12.10.15

Retrato de la violencia



La violencia es como un flujo, es un espíritu, que vive desde los orígenes del universo. Es una energía que circula por los mundos, y en este mundo sobrevive atravesando almas, interviniendo cuerpos humanos. Es necesario entender que la violencia no surge en las individualidades humanas, sino que estas se dejan atravesar por su espíritu y adquieren o manifiestan sus infinitas formas. El cuerpo  y el intelecto humano se convierten en su expresión física. La violencia una vez satisfecha, abandona y sigue fluyendo por el mundo, pero no necesariamente abandona del todo, pues es como un cometa.

Sólo los preparados pueden canalizar la energía de la violencia y convertirla en beneficio, sin dejar que se deposite ni deje rastros en sus particularidades. Intentar absorberla puede resultar pernicioso, ya que se trata de un espíritu antiguo, de gran tamaño y fuerza. Tendremos la impresión de que una vez absorbida la hayamos eliminado, pero lo que en verdad ocurre es que la vamos comprimiendo en nuestro ser, vamos construyendo en nosotros una suerte de memoria suya, y nuestra consciencia individual pasa a un estado intermedio. Es decir, la violencia se deposita, o deposita parte de sí, y actúa en nosotros desde el inconsciente. Lo saludable es canalizarla, dejarla fluir, que nos atraviese sin obstáculos procurando que su salida sea conducida a activar mecanismo beneficiosos, como por ejemplo alguna actividad deportiva, o insultar a alguna cosa, una presencia inanimada, algún cuerpo frío.

Si no sabemos interpretar correctamente nuestra humanidad como un conducto, para que la fuerza de la violencia continúe su fluir, transformará negativamente nuestra humanidad, la corroerá, y progresivamente afectará nuestro entorno.
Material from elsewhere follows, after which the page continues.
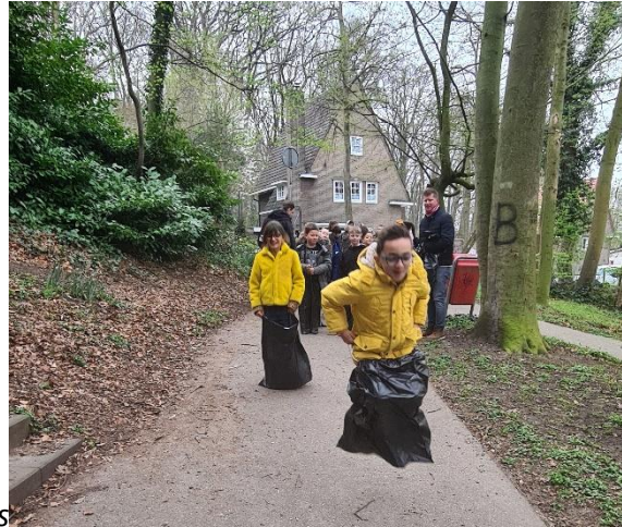
Speurtocht in het Aambos met de Paashaas
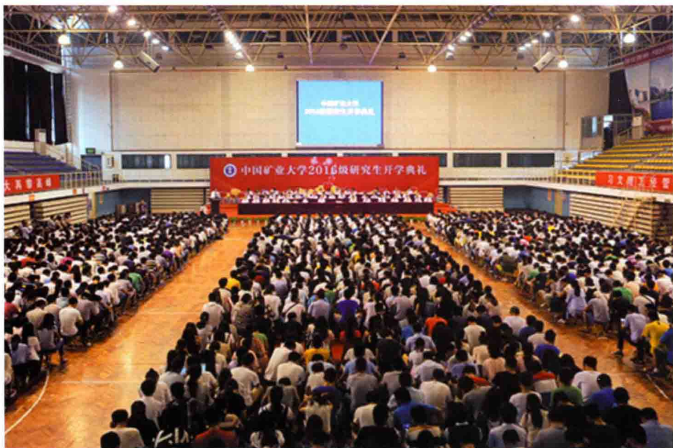
9月5日，学校在文昌校区体育馆举行2016级研究生开学典礼。

La violencia es uno de los espíritus de la separación, hay que saberlo, es su acometido dejar en el mundo humanidades solas, aisladas. A diferencia del amor, cuyo propósito es fusionar, la violencia, junto a otros espíritus, se propone enfriar.

Cabe advertir que la violencia, como todo espíritu, no está sujeta a categorías desde la palabra, es decir, no basta con señalar determinados actos humanos como violentos, estos no son nada más que expresiones, consecuencias. Lo importante, y lo verdaderamente útil, es detenerse, contemplar, en la precaución. Es necesario aprender, ante todo, a leer los flujos invisibles.